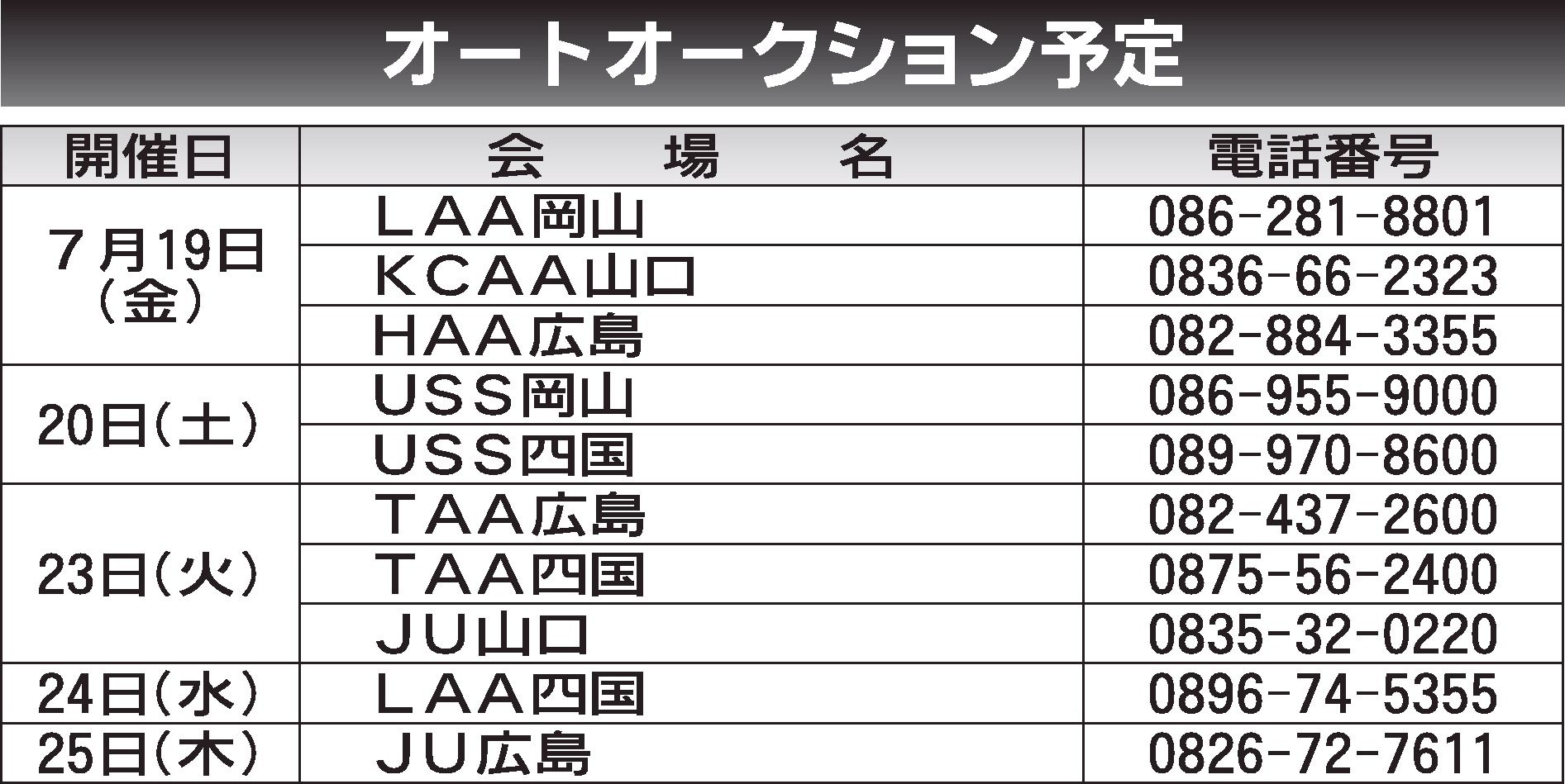 〈オートオークション予定〉中四国地区 2024/7/19~25
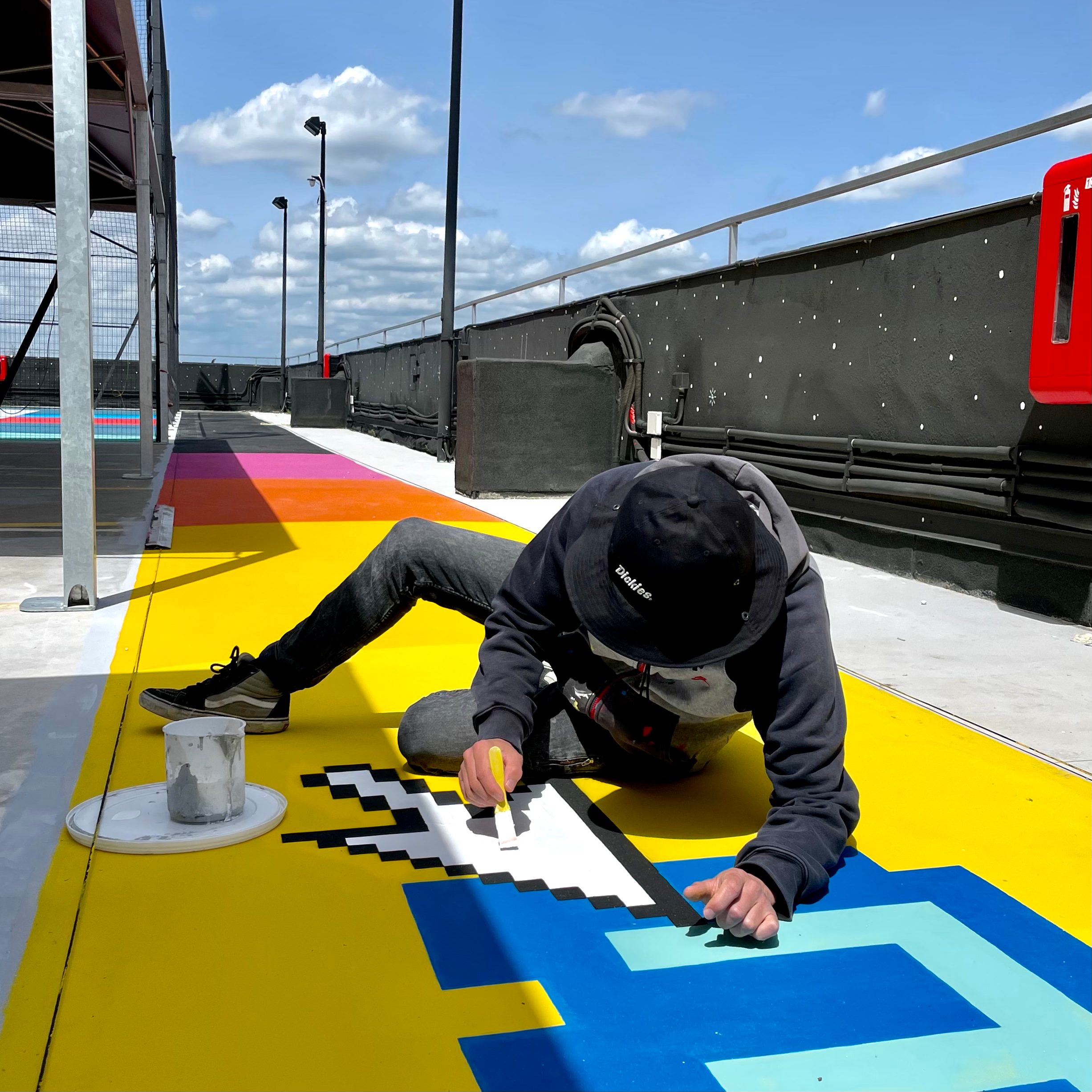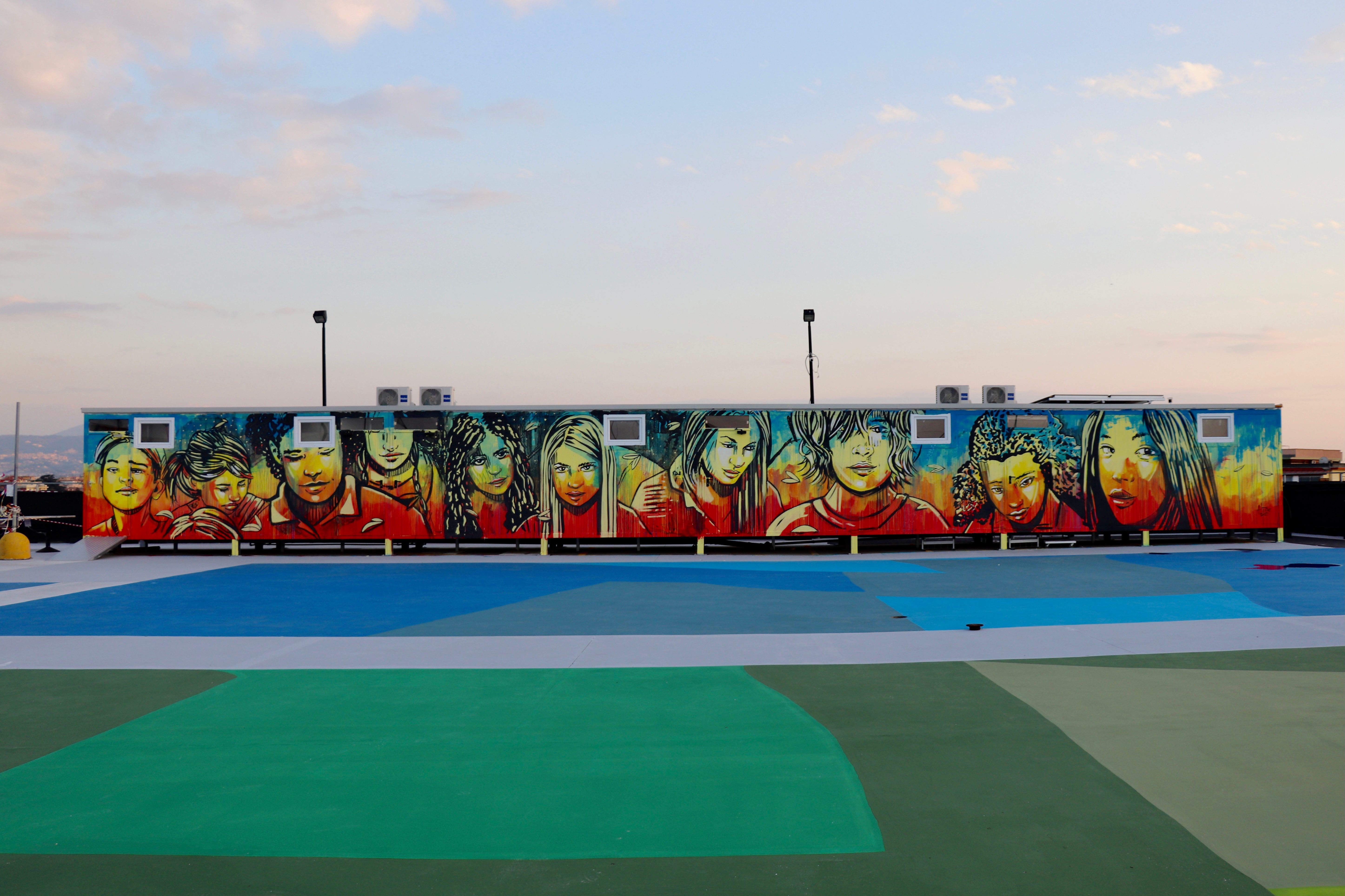Questo il cibo per il corpo. Alla mente – soprattutto agli occhi – ci hanno pensato a.DNA e il curatore Mirko Pierri, che ha chiamato tre protagonisti di peso della street e dell’arte pubblica: Alice Pasquini, che ha firmato le superfici verticali, Giulio Vesprini e Uno, che hanno dipinto i campi da gioco e il tracciato panoramico perimetrale. Le pareti verticali, inoltre, sono state dipinte con Airlite, tecnologia che si applica come una pittura e che contribuisce a purificare l’aria.
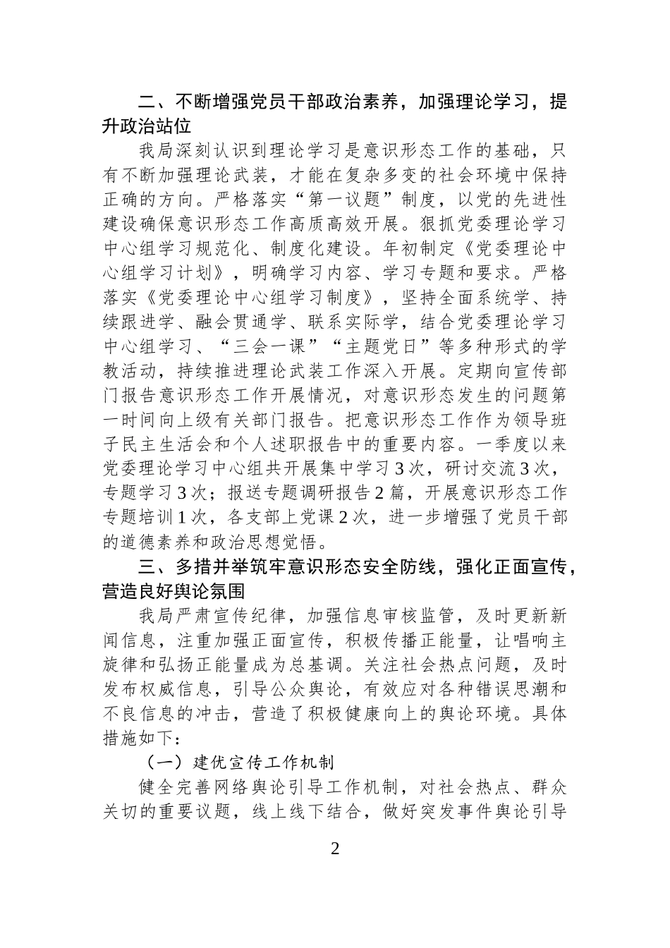 财政局2025年第一季度意识形态工作汇报今年一季度以来,我局意识形态工作坚持以习近平新时代中国特色社会主义思想为指导,将意识形态工作列入重要议事日程,牢牢把握意识形态工作的主导权,始终把意识形态工作作为服务中心大局、保障业务开展的基础性工作来抓好抓实,筑牢党员干部思想阵地,弘扬主旋律,引领服务能力进一步提升。在全国“两会”、“两节”及清明假期等重要时间节点,提前做好预判、统筹推进各项工作,营造了良好的政治环境和积极的舆论氛围。现将2025年第一季度意识形态工作及下一步工作打算汇报如下:一、严格落实意识形态工作责任制,强化组织领导,压实工作责任我局成立意识形态工作领导小组,明确党委书记履行意识形态工作主体责任,将意识形态工作作为党的建设重要内容,纳入党委会议重要议事日程,与党建工作紧密结合,同部署、同落实、同考核。分管领导负责统筹协调指导,其他班子成员严格落实“一岗双责”,抓好分管范围的意识形态工作,对职责范围内的意识形态工作负领导责任。围绕党管意识形态的原则,定期分析研判,推进部署意识形态工作,建立健全意识形态工作责任制,带头做好意识形态工作,健全意识形态工作目标责任考核制度。定期向上级党委汇报意识形态工作开展情况,尤其是重点分析研判意识形态形势,确保苗头性、倾向性问题第一时间发现,及时解决到位。一季度以来,党委共开展意识形态安排部署会议1次,意识形态工作分析研判会议1次,在单位内部通报、传达意识形态领域工作情况,定期向区委宣传部专题汇报1次,推动了意识形态工作深入贯彻落实。1二、不断增强党员干部政治素养,加强理论学习,提升政治站位我局深刻认识到理论学习是意识形态工作的基础,只有不断加强理论武装,才能在复杂多变的社会环境中保持正确的方向。严格落实“第一议题”制度,以党的先进性建设确保意识形态工作高质高效开展。狠抓党委理论学习中心组学习规范化、制度化建设。年初制定《党委理论中心组学习计划》,明确学习内容、学习专题和要求。严格落实《党委理论中心组学习制度》,坚持全面系统学、持续跟进学、融会贯通学、联系实际学,结合党委理论学习中心组学习、“三会一课”“主题党日”等多种形式的学教活动,持续推进理论武装工作深入开展。定期向宣传部门报告意识形态工作开展情况,对意识形态发生的问题第一时间向上级有关部门报告。把意识形态工作作为领导班子民主生活会和个人述职报告中的重要内容。一季度以来党委理论学习中心组共开展集中学习3次,研讨交流3次,专题学习3次;报送专题调研报告2篇,开展意识形态工作专题培训1次,各支部上党课2次,进一步增强了党员干部的道德素养和政治思想觉悟。三、多措并举筑牢意识形态安全防线,强化正面宣传,营造良好舆论氛围我局严肃宣传纪律,加强信息审核监管,及时更新新闻信息,注重加强正面宣传,积极传播正能量,让唱响主旋律和弘扬正能量成为总基调。关注社会热点问题,及时发布权威信息,引导公众舆论,有效应对各种错误思潮和不良信息的冲击,营造了积极健康向上的舆论环境。具体措施如下:(一)建优宣传工作机制健全完善网络舆论引导工作机制,对社会热点、群众关切的重要议题,线上线下结合,做好突发事件舆论引导2工作。(二)筑牢舆论引领阵地明确核心网评员,及时转发正向信息,做好重要节点和敏感时期的值班值守和网络舆论监管工作。在重大政治原则和大是大非问题上,敢于亮剑发声、加强辨析引导,一季度分管领域未出现舆情信息,未发生舆情事件。(三)注重源头管控严格把控信息发布审核关,认真执行“三级审核制”,加强对意识形态领域各类发布信息的审核和把关,及时发现问题和隐患,切实把控好“出口关”。提高舆论舆情敏感度,及时掌握分管领域的舆情动态,结合工作实际,加强舆情研判预警,建立长效机制,切实管控好信息传播途径。四、准确把握网络意识形态领域动向,加强网络管理,维护网络安全我局坚持把加强网络意识形态的管理作为首要任务,正确处理好正面宣传与舆论监督的关系,真正发挥网络宣传的重要作用,坚决守好用好意识形态阵地,引导网民文明上网、理性表达,维护网络空间...

- [Problem statement]: The pictures are not wanted, but every line of the listing should be duplicated exactly.

- [Output for this task]:
 〈オートオークション予定〉中四国地区 2024/7/19~25
Questo il cibo per il corpo. Alla mente – soprattutto agli occhi – ci hanno pensato a.DNA e il curatore Mirko Pierri, che ha chiamato tre protagonisti di peso della street e dell’arte pubblica: Alice Pasquini, che ha firmato le superfici verticali, Giulio Vesprini e Uno, che hanno dipinto i campi da gioco e il tracciato panoramico perimetrale. Le pareti verticali, inoltre, sono state dipinte con Airlite, tecnologia che si applica come una pittura e che contribuisce a purificare l’aria.
 财政局2025年第一季度意识形态工作汇报今年一季度以来,我局意识形态工作坚持以习近平新时代中国特色社会主义思想为指导,将意识形态工作列入重要议事日程,牢牢把握意识形态工作的主导权,始终把意识形态工作作为服务中心大局、保障业务开展的基础性工作来抓好抓实,筑牢党员干部思想阵地,弘扬主旋律,引领服务能力进一步提升。在全国“两会”、“两节”及清明假期等重要时间节点,提前做好预判、统筹推进各项工作,营造了良好的政治环境和积极的舆论氛围。现将2025年第一季度意识形态工作及下一步工作打算汇报如下:一、严格落实意识形态工作责任制,强化组织领导,压实工作责任我局成立意识形态工作领导小组,明确党委书记履行意识形态工作主体责任,将意识形态工作作为党的建设重要内容,纳入党委会议重要议事日程,与党建工作紧密结合,同部署、同落实、同考核。分管领导负责统筹协调指导,其他班子成员严格落实“一岗双责”,抓好分管范围的意识形态工作,对职责范围内的意识形态工作负领导责任。围绕党管意识形态的原则,定期分析研判,推进部署意识形态工作,建立健全意识形态工作责任制,带头做好意识形态工作,健全意识形态工作目标责任考核制度。定期向上级党委汇报意识形态工作开展情况,尤其是重点分析研判意识形态形势,确保苗头性、倾向性问题第一时间发现,及时解决到位。一季度以来,党委共开展意识形态安排部署会议1次,意识形态工作分析研判会议1次,在单位内部通报、传达意识形态领域工作情况,定期向区委宣传部专题汇报1次,推动了意识形态工作深入贯彻落实。1二、不断增强党员干部政治素养,加强理论学习,提升政治站位我局深刻认识到理论学习是意识形态工作的基础,只有不断加强理论武装,才能在复杂多变的社会环境中保持正确的方向。严格落实“第一议题”制度,以党的先进性建设确保意识形态工作高质高效开展。狠抓党委理论学习中心组学习规范化、制度化建设。年初制定《党委理论中心组学习计划》,明确学习内容、学习专题和要求。严格落实《党委理论中心组学习制度》,坚持全面系统学、持续跟进学、融会贯通学、联系实际学,结合党委理论学习中心组学习、“三会一课”“主题党日”等多种形式的学教活动,持续推进理论武装工作深入开展。定期向宣传部门报告意识形态工作开展情况,对意识形态发生的问题第一时间向上级有关部门报告。把意识形态工作作为领导班子民主生活会和个人述职报告中的重要内容。一季度以来党委理论学习中心组共开展集中学习3次,研讨交流3次,专题学习3次;报送专题调研报告2篇,开展意识形态工作专题培训1次,各支部上党课2次,进一步增强了党员干部的道德素养和政治思想觉悟。三、多措并举筑牢意识形态安全防线,强化正面宣传,营造良好舆论氛围我局严肃宣传纪律,加强信息审核监管,及时更新新闻信息,注重加强正面宣传,积极传播正能量,让唱响主旋律和弘扬正能量成为总基调。关注社会热点问题,及时发布权威信息,引导公众舆论,有效应对各种错误思潮和不良信息的冲击,营造了积极健康向上的舆论环境。具体措施如下:(一)建优宣传工作机制健全完善网络舆论引导工作机制,对社会热点、群众关切的重要议题,线上线下结合,做好突发事件舆论引导2工作。(二)筑牢舆论引领阵地明确核心网评员,及时转发正向信息,做好重要节点和敏感时期的值班值守和网络舆论监管工作。在重大政治原则和大是大非问题上,敢于亮剑发声、加强辨析引导,一季度分管领域未出现舆情信息,未发生舆情事件。(三)注重源头管控严格把控信息发布审核关,认真执行“三级审核制”,加强对意识形态领域各类发布信息的审核和把关,及时发现问题和隐患,切实把控好“出口关”。提高舆论舆情敏感度,及时掌握分管领域的舆情动态,结合工作实际,加强舆情研判预警,建立长效机制,切实管控好信息传播途径。四、准确把握网络意识形态领域动向,加强网络管理,维护网络安全我局坚持把加强网络意识形态的管理作为首要任务,正确处理好正面宣传与舆论监督的关系,真正发挥网络宣传的重要作用,坚决守好用好意识形态阵地,引导网民文明上网、理性表达,维护网络空间...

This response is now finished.